▶ What is being asked
Your job is to print the listing exactly.

▶ Information supplied

....

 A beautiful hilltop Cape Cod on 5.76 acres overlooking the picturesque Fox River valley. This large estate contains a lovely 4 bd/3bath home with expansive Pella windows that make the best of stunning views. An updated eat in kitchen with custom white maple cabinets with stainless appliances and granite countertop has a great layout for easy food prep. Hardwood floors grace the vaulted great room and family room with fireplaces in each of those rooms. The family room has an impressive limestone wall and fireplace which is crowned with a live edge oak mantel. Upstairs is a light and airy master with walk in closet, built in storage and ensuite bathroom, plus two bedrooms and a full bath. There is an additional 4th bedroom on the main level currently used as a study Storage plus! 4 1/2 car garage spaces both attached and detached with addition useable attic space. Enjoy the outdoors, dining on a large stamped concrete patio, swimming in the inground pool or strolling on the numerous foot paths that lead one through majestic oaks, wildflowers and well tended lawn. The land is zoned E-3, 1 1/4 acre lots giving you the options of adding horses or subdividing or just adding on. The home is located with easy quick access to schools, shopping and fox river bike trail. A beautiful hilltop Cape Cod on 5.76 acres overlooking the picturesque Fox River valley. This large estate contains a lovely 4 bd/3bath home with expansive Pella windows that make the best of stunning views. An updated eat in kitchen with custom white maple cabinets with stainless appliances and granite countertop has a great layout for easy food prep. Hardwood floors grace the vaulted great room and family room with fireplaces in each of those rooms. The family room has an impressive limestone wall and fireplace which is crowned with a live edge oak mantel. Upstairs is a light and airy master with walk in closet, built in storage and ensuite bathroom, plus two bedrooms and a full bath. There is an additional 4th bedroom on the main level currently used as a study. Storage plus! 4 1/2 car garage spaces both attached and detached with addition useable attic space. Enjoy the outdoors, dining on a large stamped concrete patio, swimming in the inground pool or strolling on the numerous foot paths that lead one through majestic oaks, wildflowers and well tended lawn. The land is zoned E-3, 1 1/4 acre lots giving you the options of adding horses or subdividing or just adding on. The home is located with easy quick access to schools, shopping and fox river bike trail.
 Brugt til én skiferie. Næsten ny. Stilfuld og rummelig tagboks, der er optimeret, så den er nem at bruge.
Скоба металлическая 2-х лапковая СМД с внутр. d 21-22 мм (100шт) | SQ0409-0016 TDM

....

▶ Exercise solution
 A beautiful hilltop Cape Cod on 5.76 acres overlooking the picturesque Fox River valley. This large estate contains a lovely 4 bd/3bath home with expansive Pella windows that make the best of stunning views. An updated eat in kitchen with custom white maple cabinets with stainless appliances and granite countertop has a great layout for easy food prep. Hardwood floors grace the vaulted great room and family room with fireplaces in each of those rooms. The family room has an impressive limestone wall and fireplace which is crowned with a live edge oak mantel. Upstairs is a light and airy master with walk in closet, built in storage and ensuite bathroom, plus two bedrooms and a full bath. There is an additional 4th bedroom on the main level currently used as a study Storage plus! 4 1/2 car garage spaces both attached and detached with addition useable attic space. Enjoy the outdoors, dining on a large stamped concrete patio, swimming in the inground pool or strolling on the numerous foot paths that lead one through majestic oaks, wildflowers and well tended lawn. The land is zoned E-3, 1 1/4 acre lots giving you the options of adding horses or subdividing or just adding on. The home is located with easy quick access to schools, shopping and fox river bike trail. A beautiful hilltop Cape Cod on 5.76 acres overlooking the picturesque Fox River valley. This large estate contains a lovely 4 bd/3bath home with expansive Pella windows that make the best of stunning views. An updated eat in kitchen with custom white maple cabinets with stainless appliances and granite countertop has a great layout for easy food prep. Hardwood floors grace the vaulted great room and family room with fireplaces in each of those rooms. The family room has an impressive limestone wall and fireplace which is crowned with a live edge oak mantel. Upstairs is a light and airy master with walk in closet, built in storage and ensuite bathroom, plus two bedrooms and a full bath. There is an additional 4th bedroom on the main level currently used as a study. Storage plus! 4 1/2 car garage spaces both attached and detached with addition useable attic space. Enjoy the outdoors, dining on a large stamped concrete patio, swimming in the inground pool or strolling on the numerous foot paths that lead one through majestic oaks, wildflowers and well tended lawn. The land is zoned E-3, 1 1/4 acre lots giving you the options of adding horses or subdividing or just adding on. The home is located with easy quick access to schools, shopping and fox river bike trail.
 Brugt til én skiferie. Næsten ny. Stilfuld og rummelig tagboks, der er optimeret, så den er nem at bruge.
Скоба металлическая 2-х лапковая СМД с внутр. d 21-22 мм (100шт) | SQ0409-0016 TDM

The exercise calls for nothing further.